Rand shook his head slowly. After Gode, he knew that Darkfriends did not necessarily have the Dragon's Fang on their foreheads, but except for his clothes this Paitr could have fit right in Emond's Field. Nothing about him hinted at murder and worse. Nobody would have remarked him twice. At least Gode had been ... different.

“Leave us alone,” Rand said. “And tell your friends to leave us alone. We want nothing from them, and they'll get nothing from us.”

“If you don't,” Mat added fiercely, “I'll name you for what you are. See what your village friends think of that.”

Rand hoped he did not really mean it. That could cause as much trouble for the two of them as it did for Paitr.

Paitr seemed to take the threat seriously. His face grew pale. “I ... I heard what happened at Four Kings. Some of it, anyway. Word travels. We have ways of hearing things. But there's nobody here to trap you. I'm alone, and ... and I just want to talk.”

“About what?” Mat asked at the same time that Rand said, “We're not interested.” They looked at each other, and Mat shrugged. “We're not interested,” he said.

Rand gulped the last of the milk and stuffed the heel of his half of the bread into his pocket. With their money almost gone, it might be their next meal.

How to leave the inn? If Paitr discovered that Mat was almost blind, he would tell others ... other Darkfriends. Once Rand had seen a wolf separate a crippled sheep from the flock; there were other wolves around, and he could neither leave the flock nor get a clear shot with his bow. As soon as the sheep was alone, bleating with terror, hobbling frantically on three legs, the one wolf chasing it became ten as if by magic. The memory of it turned his stomach. They could not stay there, either. Even if Paitr was telling the truth about being alone, how long would he stay that way?

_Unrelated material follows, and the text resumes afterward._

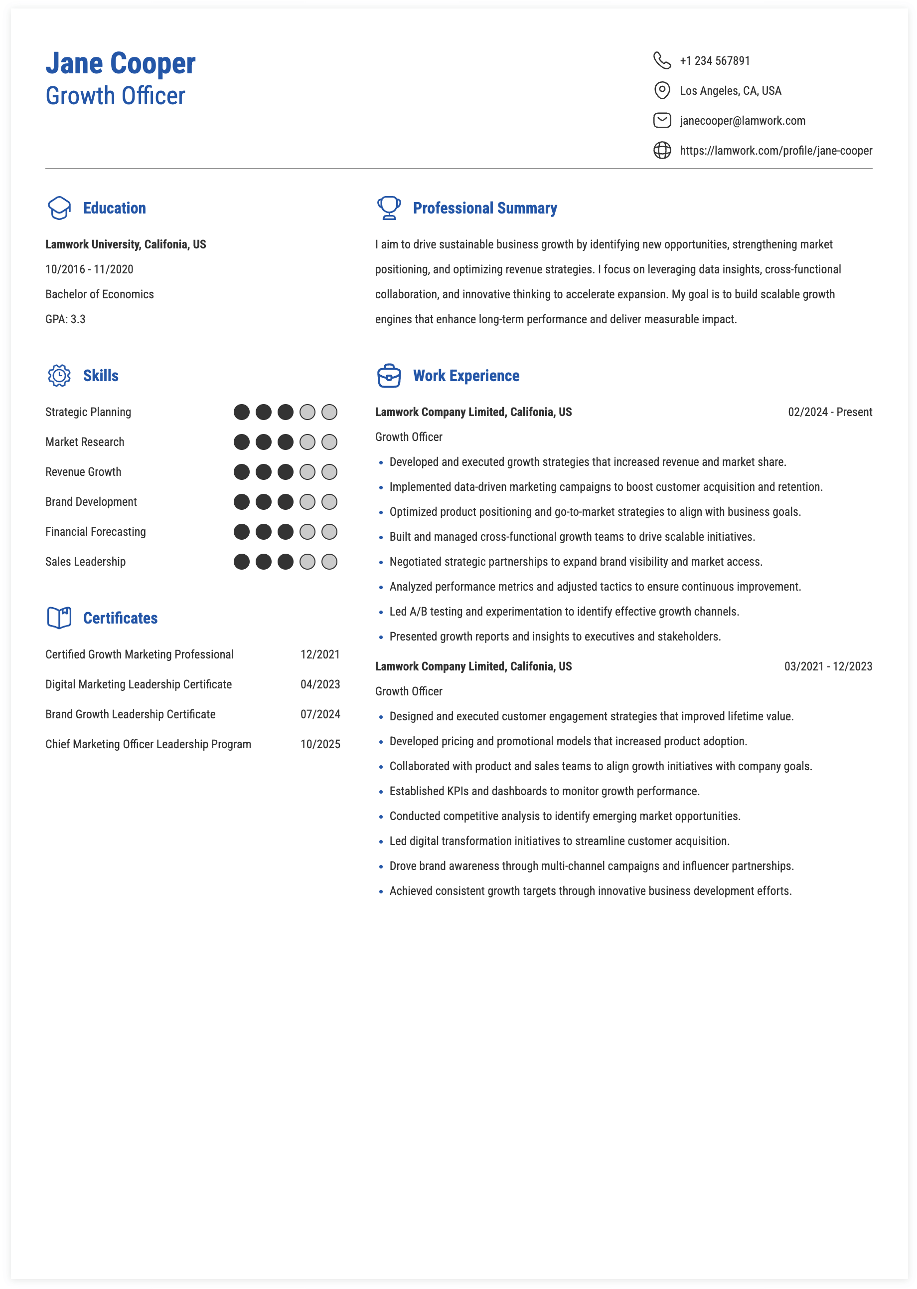 Tips for Growth Officer Skills and Responsibilities on a Resume

“Time to go, Mat,” he said, and held his breath. As Mat started to stand, he pulled Paitr's eyes to himself by leaning forward and saying, “Leave us alone, Darkfriend. I won't tell you again. Leave—us—alone.”

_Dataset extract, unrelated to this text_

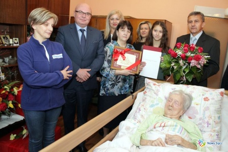 Życzenia zdrowia i wszelkiej pomyślności, a także listy gratulacyjne od Prezesa Rady Ministrów oraz Wojewody Małopolskiego, obchodzącej setne urodziny Leokadii Bąk przekazał prezydent Nowego Sącza Ryszard Nowak. Podczas wizyty u Jubilatki najlepsze życzenia złożyli również wicedyrektor nowosądeckiego oddziału Zakładu Ubezpieczeń Społecznych Agata Michalik oraz kierownik Urzędu Stanu Cywilnego Małgorzata Antkiewicz-Wójs.

Paitr swallowed hard and pressed back in his chair; there was no blood left in his face at all. It made Rand think of a Myrddraal.

By the time he looked back at Mat, Mat was on his feet, his awkwardness unseen. Rand hastily hung his own saddlebags and other bundles around him, trying to keep his cloak over the sword as he did. Maybe Paitr already knew about it; maybe Gode had told Ba'alzamon, and Ba'alzamon had told Paitr; but he did not think so. He thought Paitr had only the vaguest idea of what had happened in Four Kings. That was why he was so frightened.

The comparatively bright outline of the door helped Mat make a beeline for it, if not quickly, then not slow enough to seem unnatural, either. Rand followed closely, praying for him not to stumble. He was thankful Mat had a clear, straight path, with no tables or chairs in the way.

Behind him Paitr suddenly leaped to his feet. “Wait,” he said desperately. “You have to wait.”

“Leave us alone,” Rand said without looking back. They were almost to the door, and Mat had not put a foot wrong yet.

“Just listen to me,” Paitr said, and put his hand on Rand's shoulder to stop him.

Images spun in his head. The Trolloc, Narg, leaping at him in his own home. The Myrddraal threatening at the Stag and Lion in Baerlon. Halfmen everywhere, Fades chasing them to Shadar Logoth, coming for them in Whitebridge. Darkfriends everywhere. He whirled, his hand balling up. “I said, leave us alone!” His fist took Paitr flush on the nose.

The Darkfriend fell on his bottom and sat there on the floor staring at Rand. Blood trickled from his nose. “You won't get away,” he spat angrily. “No matter how strong you are, the Great Lord of the Dark is stronger. The Shadow will swallow you!”

There was a gasp from further into the common room, and the clatter of a broom handle hitting the floor. The old man with the broom had finally heard. He stood staring wideeyed at Paitr. The blood drained from his wrinkled face and his mouth worked, but no sound came out. Paitr stared back for an instant, then gave a wild curse and sprang to his feet, darting out of the inn and down the street as if starving wolves were at his heels. The old man shifted his attention to Rand and Mat, looking not a whit less frightened.